I can't get a meaningful error message out of it though, just BAD_ACCESS.
I've tried:
- de.xliff, bigFile.xliff, and myFile.xliff
- Clean build
- System restart
- Setting an exception breakpoint (no further detail during the crash)
If I revert to d22642b I don't have this crash
@SimplGy in your stack trace, which objc method is called in frame 1?
I've had issues in the past with outlets not being ready when I try to use them (for instance, if a presenting VC tries to render because data is available, but the presented VC has not yet called viewWillAppear).
So, I tried making this an optional reference (and fixing all downstream errors that resulted), but got the same crashing behavior. This does not solve the problem, maybe that's useful to know:
@IBOutlet weak var outlineView: NSOutlineView?
could u try by 1.2 build here? https://github.com/remuslazar/osx-xliff-tool/releases/tag/1.2 it that works? I Also supplied a valid xliff file for testing.
That's commit 0882237, it's what I'm using. Also tried de.xliff and the new bigFile.xliff. Or do you mean I should use the binary you built?
@SimplGy yes, I mean the binary I just uploaded there
@SimplGy weird.. Sierra 10.12.1 here. Deployment Target is 10.10, though, so theoretically it should not be an issue.

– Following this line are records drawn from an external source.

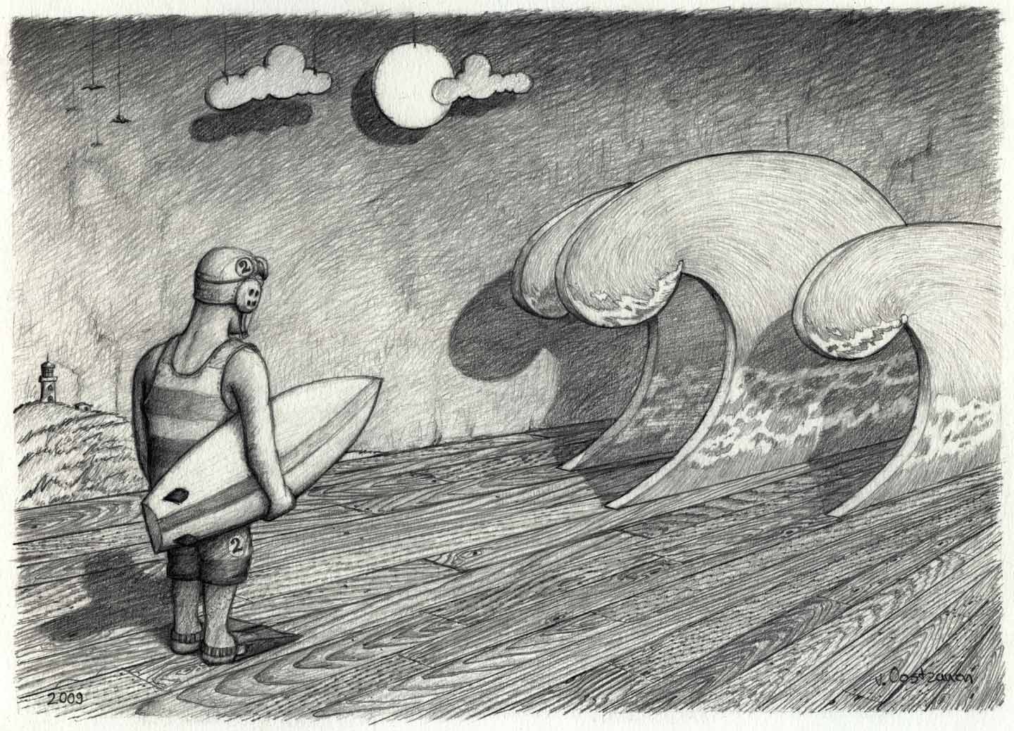 ''Het wachten is op de juiste golf.' Magisch realistische zwart wit potlood tekening op papier
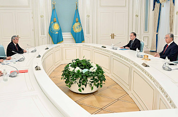 Жогорку даражалуу мейманды президент Садыр Жапаров тосуп алды.
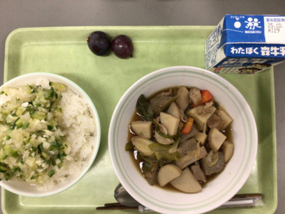 4月25日 わかめごはん たこコロッケ けんちんじる
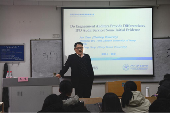 2018年12月2日下午,浙江大学管理学院陈俊教授应我院邀请在燕山校区逸夫楼Y405教室作题为《Do Engagement Auditors Provide Differentiated IPO Audit Service? Some Initial Evidence》的学术报告。永利yl23411集团武恒光副教授出席并主持了报告,永利yl23411集团2018级部分硕士研究生参加了本次报告。
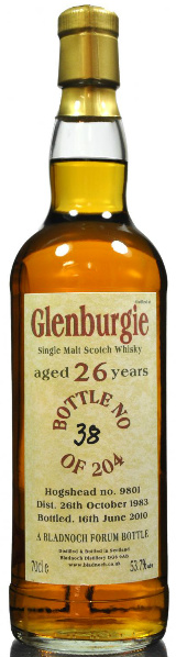 Nose: Very big aroma, this leaps, or rather, attacks you, with a soothing friendly voice, from the glass. Nutty and fruity. Meaty and dusty. Some soft old oak right after that. Dusty old oak. Quite big and holding a promise of sweetness, sweet (and meaty) apples rather than the usual Sherry notes. The oak has an aroma reminiscent of tobacco and leather and hints of old Calvados. Very fragrant Glenburgie. Nice and spicy. In fact, this holds it all. Quite balanced, and very big, it’s so big it hides the complexity a bit. Try not to forget, this is a 26yo Malt. It doesn’t show a lot of evolution over time as well, it stays more or less the same when nosing it. But with a Malt so big and nice, who needs complexity and evolution?
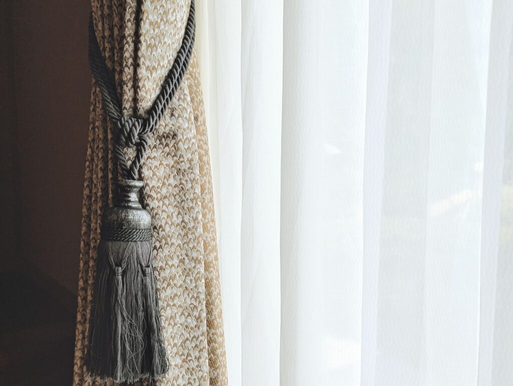 装飾タッセルは存在感のあるFISCBACHER1819よりVeronaを。ボリューム感と重厚感を兼ね備え、タッセル自体の艶が抑えられている為、カーテン生地との相性は抜群でした。
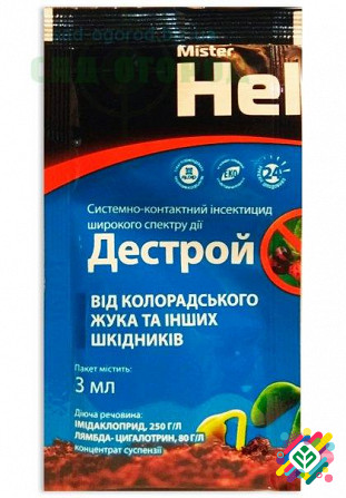 Мінімальна сума замовлення 300 грн. Дестрой - системно-контактний інсектицид широкого спектра дії, що забезпечує чисті кущі картоплі та інших рослин завдяки двом діючим речовинам. Препарат ефективно знищує колорадського жука та інших шкідників. Діючі речовини: імідаклоприд 250 г/л, лямбда-цигалотр...
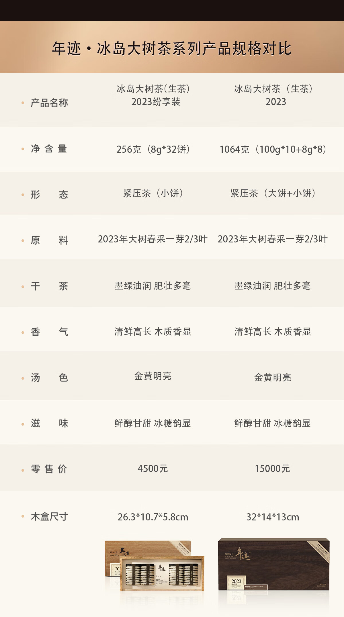 商品名称:年迹 冰岛大树茶(2023) 1.064千克(100克x10,8克x8)

@SimplGy regarding the implicitly unwrapped (!) optionals: AFAIK they are the same as strong optionals (?), so you can use constructs like myOutlet?.doSomething()
for both types of optionals. Under the hood they are exactly the same thing, the ! does add some syntactic sugar to the code and make things clearer.
@SimplGy I am also not very familiar with lldb and debugging, but there are some really awesome WWDC sessions out there, e.g. https://developer.apple.com/videos/play/wwdc2016/417/. The section about low level debugging is really amazing! Check it out.
Re: !/?
:
Sure thing! But if we're getting a bad access and I want to test if that's the cause, I wanted the compiler to help me track down all instances of implicit access.
Re: low-level debugging:
Thanks! I'll watch that with lunch today.
@SimplGy got ya! I thought you meant that in general it is safer to use strong optionals instead of implicitly unwrapped ones in such cases.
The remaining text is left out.